How It Works
The purpose of FuTRES is to make trait data from biological and paleontological specimens accessible in a format that improves discoverability and promotes novel research. By following a few steps and using new tools developed by the FuTRES team, these data can be shared on the FuTRES platform, which is backed by an ontological framework that enables logical reasoning.
Step 1: Template
We have developed a template (viewable here) to help data providers create datasets that are ready for ingestion into the FuTRES knowledge base. The field names in the template largely correspond to Darwin Core terms. Since Darwin Core is the most commonly used standard for sharing biodiversity occurrence data, these fields may already be pre-existing in most collections databases, or if not, they can be easily mapped or crosswalked from other existing fields.
Existing Data and Future Collaborations
Currently, the FuTRES team is working with Principal Investigators, Dr. Kitty Emery, Dr. Ray Bernor, and Dr. Edward Davis, to share existing zooarchaeological and paleontological specimen datasets with associated trait information. These use cases have informed the development of the FuTRES template and the FuTRES Ontology of Vertebrate Traits. However, we are hosting community workshops and are happy to receive feedback and additional trait-focused datasets from other sources.
Step 2: Pipeline
The data processing pipeline is comprised of five main steps: pre-processing, triplifying, reasoning, conversion to a tabular format, and data loading. The pipeline is dependent on an existing ontology that defines and relates the terminology used in the data, but does not require a specific structure.
The pre-processing step lets users write a custom conversion method for each dataset into a common format (while the template helps to minimize the amount of customization needed). After pre-processing, RDF triples are generated by reading configuration files from each data source that includes term mappings, data validation, and creating relationships between processes and objects as defined by the ontology. All triples are referenced by globally unique identifiers by appending record identifiers from the input data to globally unique, resolvable HTTP prefixes that can be customized for each project. Because instance identifiers are derived from the input data, output identifiers can be linked back to the specific records in the raw source data, which also provides a mechanism to track data provenance.
The next step in the workflow - reasoning - uses the bundled OntoPilot software (Stucky et al., 2018) that supports multiple description logic profiles through multiple reasoners. The workflow provides an optional configuration file to OntoPilot that further allows users to customize the reasoning process.
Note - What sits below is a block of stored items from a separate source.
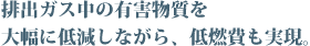 排出ガス中の有害物質、NMHC(非メタン炭化水素)、NOx(窒素酸化物)、CO(一酸化炭素)をそれぞれ低減し、国土交通省「平成17年排出ガス基準75% 低減レベル」認定を取得。また同時に、優れた燃費性能を実現しています。
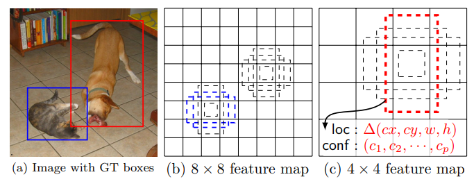 Feature Map과 Default Bounding Box: 입력 이미지(a)를 SSD 모델에 통과시키면, Feature Map과 Default Bounding Box들이 생성됩니다 (b)(c) . 이 때, 여러 개의 Default Bounding Box 중에 특정 조건에 맞는 Default Bounding Box만 찾아서 Ground-truth Box와 매칭 됩니다.
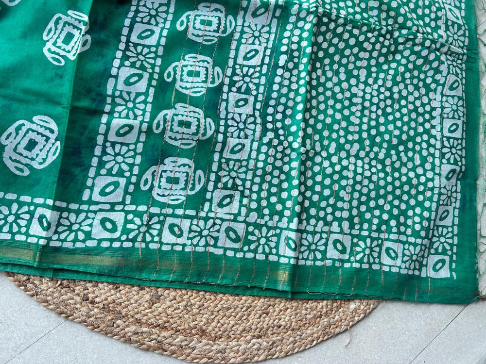 This green saree features an intricate boutique print that showcases craftsmanship, blending traditional weaving techniques with refined design sensibilities. The natural silk composition offers superior breathability and a luxurious feel against the skin.
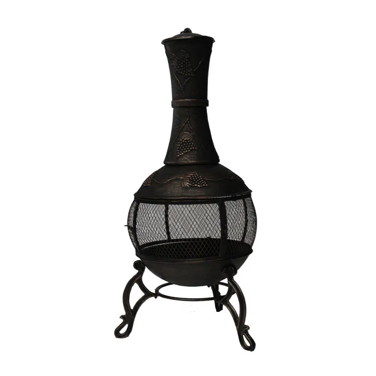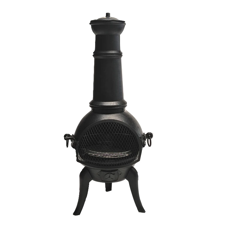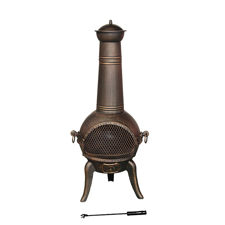 Description | Garden antique crafted cast iron chiminea with steel flue |
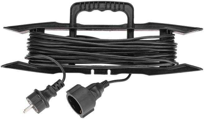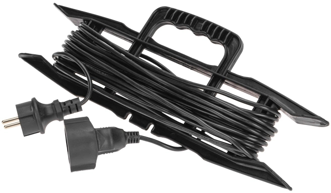- Конструкция предусматривает наличие одного гнезда. Устройство обладает высокой надежностью и безопасностью, благодаря использованию качественных материалов. Для удобства транспортировки и хранения шнур поставляется на рамке.
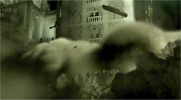 El plano de la giralda ya demolida donde sale humo, ¿por qué tarda tan poco? Queda muy bien y pasa rapidísimo.
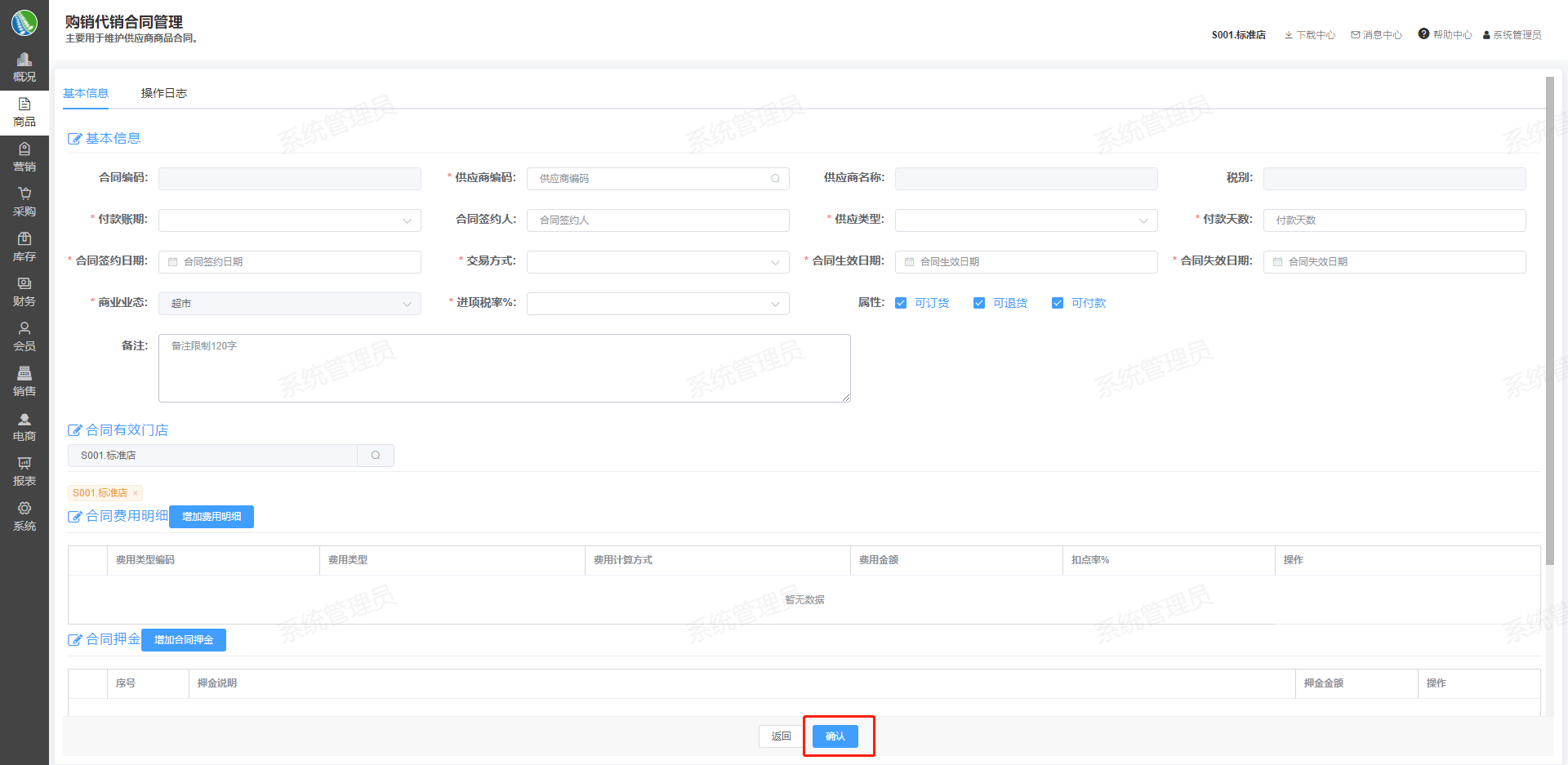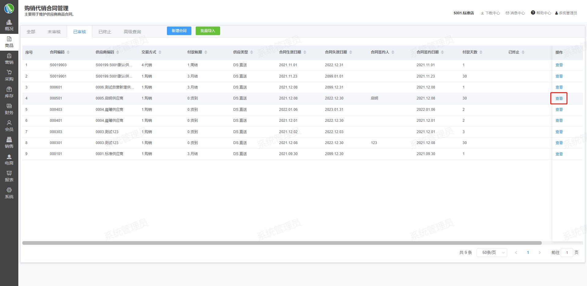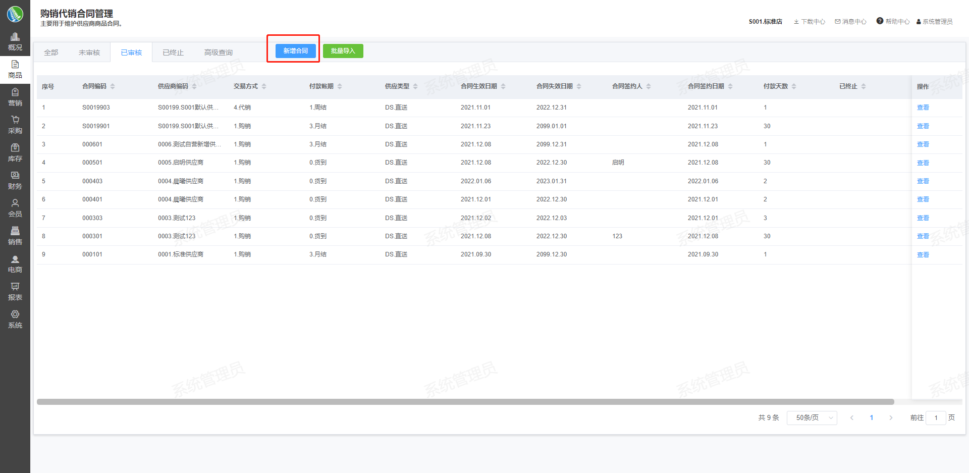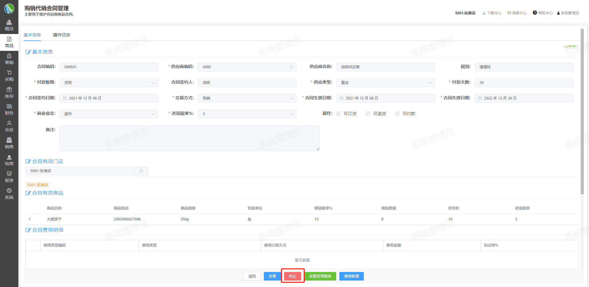 ## 一、案例说明 主要用于维护供应商商品合同。 ## 二、使用场景 ### 创建购销合同 1.进入模块路径:新零售门店运营系统后台-商品-购销代销合同管理 2.点击新增合同,填写购销合同资料 3.点击确认按钮,新增购销合同   ### 变更购销合同 1.进入模块路径:新零售门店运营系统后台-商品-购销代销合同管理 2.选择要变更的购销合同,点击查看按钮,进入购销合同详情页 3.点击变更按钮,变更购销合同信息 4.点击确定按钮,保存变更信息    ### 终止购销合同 1.进入模块路径:新零售门店运营系统后台-商品-购销代销合同管理 2.选择要终止的购销合同,点击查看按钮,进入购销合同详情页 3.点击终止按钮,终止此购销合同
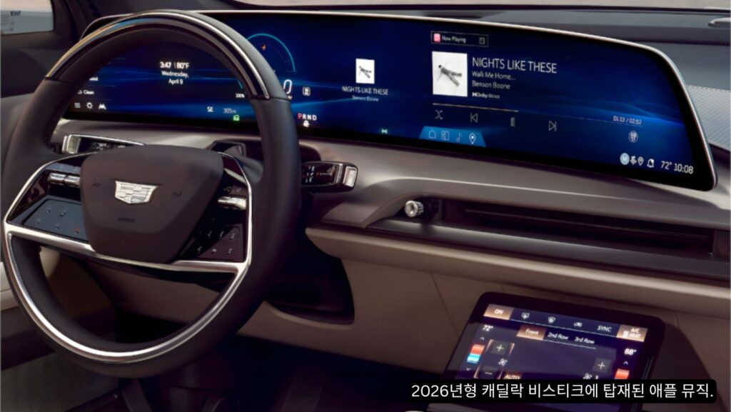 일부 캐딜락 고급 모델은 애플뮤직의 ‘공간음향’ 기능도 지원한다. 이 서비스는 극장에서처럼 입체감 있는 음향을 제공한다.

The reformatting workflow converts the data to a series of CSV files via a customizable SPARQL query through query_fetcher, a bundled package for fast conversion of RDF to tabular data that is built upon the Apache Jena Java Library. The output data can be loaded into whatever data storage system the user prefers, including key/value stores (e.g., ElasticSearch), relational databases (e.g., PostgreSQL), or triplestores (e.g., Blazegraph).
Step 3: Ontology
The FuTRES Ontology of Vertebrate Traits (FOVT) is a fundamental tool to accomplish the FuTRES project goals. An ontology is a knowledge representation which describes concepts and their relationships to one another in a logical framework that is understandable by machines and humans. This logical format allows the data points in an ontology knowledge base to be reasoned over, allowing new inferences to be gained. The FOVT is an application ontology specifically designed to serve the purposes of the FuTRES projects. It was developed by Dr. Ramona Walls, Dr. Meghan Balk, and Laura Brenskelle, and it reuses many existing ontologies (for example, UBERON, PATO, and BSPO) to conceptualize different vertebrate traits.